Yet, the operative inquiry is whether additional questioning of Mrs. Sims regarding a motive and questioning her daughter for the first time would have led to new or significant information. We think not. In the first place, Mrs. Sims and her daughter had every reason to contest a finding of suicide: a $300,000 life insurance benefit hung in the balance. Moreover, Mrs. Sims told police her husband mentioned “driving off a cliff.” It is true she told Broyles that Sims did not commit suicide, and Broyles did not ask for further clarification. But even if it had, only a few additional questions could have been asked, and these would have revealed nothing new.

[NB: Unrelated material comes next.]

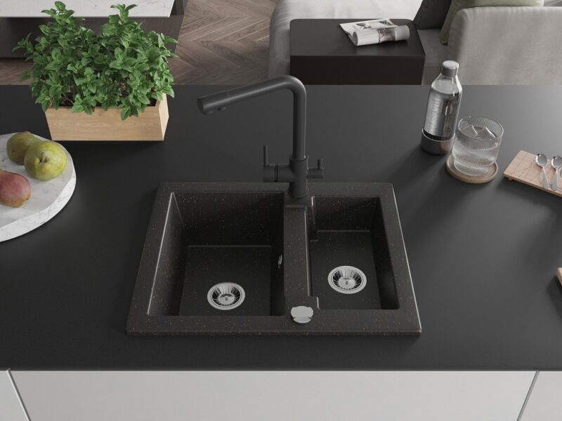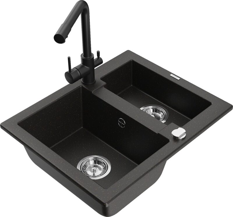 Technické dáta: Drez: Rozmer: 582x475x177 mm Hĺbka komory: 162 mm (väčšia), 102 mm (menšia) Rozmery komory: 395×272 mm (väčšie), 375×182 mm (menšie) Priemer odtoku: ø90 mm Typ: 1,5-komorový Typ: Zapustené do pracovnej dosky Farba: čierna / zlatá metalíza Povrchová úprava sifónu: Chrome Materiál: žula (80% žulové kamenivo 20% živice) Prepadový otvor: Áno Otvory: (batérie, automat) 2 Vysoká odolnosť proti poškriabaniu a zmene farby Odolnosť proti tepelným šokom Povrch pre ľahké čistenie Jeden dodatočný vyfrézovaný otvor na samodierovanie ø35 Kuchynská batéria: Materiál: mosadz Čierna farba Hlava: Keramická Perlátor: Áno Typ: Dve rukoväte Rozsah výtoku: 235 mm Výška batérie: 315 mm Dvojhlavá batéria s prídavným filtrom na pitnú vodu(GT) Ean: 5905315027016

Great American could have further investigated by asking Mrs. Sims about the obvious inconsistency between her sworn police statement and her statements to Broyles. Yet this inquiry would not have changed the underlying facts upon which Great American was entitled to rely: the missing persons report, the death certificate, the medical examiner’s report, arid the accident report. See Timberlake, 71 F.3d at 345.

Mrs. Sims also contends that the fact an officer added language to a police form she signed in blank should have changed the underlying facts already known to Great American. But the officer testified that he interpreted her body language and her statement to suggest Sims possessed a suicidal state of mind. Just as importantly, this fact does not present anything new, as Mrs. Sims repeatedly told Broyles she did not think her husband was suicidal. We cannot draw from this alleged failure any suggestion that Broyles or Great American conducted a superficial investigation.

In sum, we conclude that the district court improperly submitted the issue of bad faith to the jury and reverse the jury verdict awarding damages on this claim.

2. Punitive Damages

Great American argues that the evidence was also insufficient to support a punitive damages verdict. Because a finding of punitive damages necessarily entails a finding of bad faith, Willis, 42 F.3d at 614-15, and because we find the evidence insufficient to support bad faith, we reverse the punitive damages verdict.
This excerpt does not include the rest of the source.